I just picked up a massive amount of canning jars at an estate sale for 75 dollars. some of the jars look like mayonase jars have smooth sides but say ball very small in the middle of the bottom of the jar.are these o.k. to pressure can with? I even got some ROOT Mason jars from what I can tell are over 100 years old.What a score Im still going through them 1 dishwasher batch at a time I still have 4 2x2x3 boxes to go through.DW thought I was crazy buying them all untill I explained ill never need to more (wink wink) I may start collecting them though.


----------



## oneokie (Aug 14, 2009)

My best guess is that they are mayo jars. As to using them for pressure canning, use your own judgement.


----------



## Paquebot (May 10, 2002)

Ball commercial standards were the same as for their regular canning jars, same glass but different molds. They are from a period which pre-dates what came to be called mayo jars. Ball bought the entire mason jar business from Root in 1908 and possible continued using the same molds. Those jars should be the type without shoulders. 

Martin


----------



## 7thswan (Nov 18, 2008)

I used mayo jars until I eventually weeded them out, simply because I had so many jars.


----------



## Sarabeth (Sep 14, 2008)

I have used mayo jars if they take a standard 2 piece lid, but not for pressure canning. I only use these in water bath.


----------



## Dead Rabbit (Oct 30, 2010)

my mom used to use the mayo jars for canning, i got all her canning paraphanalia after she passed away. and i just threw out 3 boxes of the old mayo jars she used to use. at the recycle bin. 

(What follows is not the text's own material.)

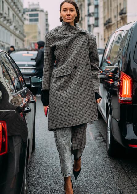 直筒式灰黑格子大衣+灰色牛仔七分裤+黑色高跟鞋

just my wife and me, there was plenty of real ball mason canning jars we didnt need the mayo jars. plus id rather buy a few more jars if need be than to use the the mayo ones.....even though they had been used successfully for yrs.


----------



## RedDirt Cowgirl (Sep 21, 2010)

Word from those on the leading edge is that glass is being phased out of production and sooner than we would imagine there will no longer be any glass available as we know it today. "Recycled" glass isn't really happening. Made me think twice about culling those mayonaise jars from my canning supplies.


----------



## Ohio dreamer (Apr 6, 2006)

I would "test drive" them with a load of water. Process them for a nice long time and see what happens.


----------



## Sparkey (Oct 23, 2004)

"Word from those on the leading edge is that glass is being phased out of production and sooner than we would imagine there will no longer be any glass available as we know it today. "

And who might those on the leading edge be ?


----------



## Paquebot (May 10, 2002)

Since the oldest ones would have been designed for zinc lids and rubber rings, the inside edge of the rims may not have been polished. If so, there may be tiny ridges. Fine sandpaper will smooth them down.

Martin


----------



## RedDirt Cowgirl (Sep 21, 2010)

By "those on the leading edge" I meant it was a topic of dicussion between a group of San Francisco venture capitalists (new factory financing/phase out of glass factories), a food industry consultant, a "green business" consultant, and several California and Oregon environmentalists working with recycling industries; just gossip really passed down from insiders in the processed food industry who say they see these changes. And we believe it because of the displacement of glass already taken place in the market place in favor of plastic and "shelf stable" box and bag packaging. At least on the West coast, there are no more glass mayonaise jars in the groceries, just plastic.


----------



## Paquebot (May 10, 2002)

Doing away with glass began long ago but there have always been certain foods which could react to plastics. Plastics are now being developed which are compatible to those products and thus replacing the more expensive glass. Not long ago, I found a company which supplies a lot of glass containers for the commercial food industry. With tomato sauce, the cheapest price for 24 ounce jars about 50Â¢ each and that was more or less a truck load.

Martin


----------